E o que faz todo o esforço valer à pena é ironicamente pragmático ao considerar o quanto eu viajei até agora: a história é simplesmente uma boa história, um delírio steampunk perigoso, misterioso e hilário. Você quer descobrir mais sobre aquele universo e mal pode esperar pra saber o que vai acontecer com os personagens em seguida. Dentro de seu contexto como “quadrinhos adultos,” por mais que envolva uma bela dose de violência e conteúdo sexual, a Liga tem um espírito lúdico que hoje em dia acaba evocando mais a série de TV do Batman dos anos 60 do que O Cavaleiro das Trevas de Frank Miller. A maturidade aqui não é definida por um aviso na capa dizendo que a história não é recomendada para crianças (embora Moore inclua avisos desta natureza como mais uma piada nos recordatórios), mas sim pela elegância da estrutura narrativa e pela tridimensionalidade dos personagens. (Não que a série do Batman tivesse alguma elegância ou tridimensionalidade. Ela tinha, no entanto, senso de humor e ganchos onde o narrador não conseguia parar de enfatizar o quanto nossos heróis estavam teoricamente ferrados.)
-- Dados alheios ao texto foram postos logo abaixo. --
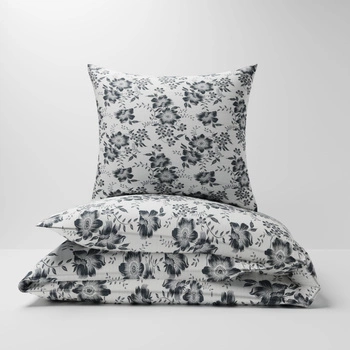 Pościel z kory 140x200 + poszewka na poduszkę 50x60 | 116szary | szara | kwiaty

Por falar em nossos heróis, é nos personagens que reside o maior desafio no processo de equilibrar pesquisa e criatividade; era o mais fundamental para o sucesso da obra (afinal, estamos lidando com ícones), e foi talvez seu maior triunfo. As novas interpretações são engenhosas, sempre levando os personagens a lugares interessantes e lógicos. Quatermain para mim é o destaque, mas eu tenho uma simpatia especial pela Mina porque eu não vejo graça na versão original dela. (Pra ser completamente honesto, eu não vejo graça em basicamente nada que envolve o Drácula, a começar pelo livro Drácula. Em outras notícias, o primeiro volume da Liga ganhou um Bram Stoker Award.) A evolução de vítima a protofeminista é muito bem-vinda e cria boa parte das melhores interações entre os membros do grupo. O jeito como cada um dos “cavalheiros” reage à sua posição de liderança revela verdades fundamentais não apenas sobre os personagens em si, mas também sobre o espaço das mulheres tanto na sociedade quanto na literatura da época. Quatermain, por exemplo, está tão acostumado com todas as damas em perigo que salvou em suas histórias que o conceito de uma mulher assertiva nem entra em sua cabeça. Claro que ele se apaixona imediatamente e, após lançar o vilão em órbita, os dois finalmente se beijam quando acreditam estar prestes a despencar para a própria morte. Awwwwww.

P.S.: Recentemente houve uma polêmica envolvendo a nova série com os personagens de Watchmen. Moore disse que a DC Comics devia se concentrar em novas ideias ao invés de ficar sugando as criações dele. A DC Comics argumentou que francamente só está fazendo com os personagens de Watchmen o que o próprio Moore fez com personagens de outros autores na Liga. Moore argumentou de uma forma complexa demais pra eu reproduzir aqui que corre o risco de não fazer o menor sentido, o que no fundo pode ser neblina verbal pra esconder uma verdade muito mais simples: é possível que ele tenha (a) quase certeza que as histórias em si serão ruins e (b) muito medo de ofender os colegas de profissão, portanto, se a recepção for morna os autores podem sentir consolo no fato de que talvez não fosse uma ideia muito boa desde o começo. Faz sentido. Se você precisa culpar alguém e uma corporação é opção, escolha sempre a corporação, exceto quando pedófilos e assassinos em massa também forem opções.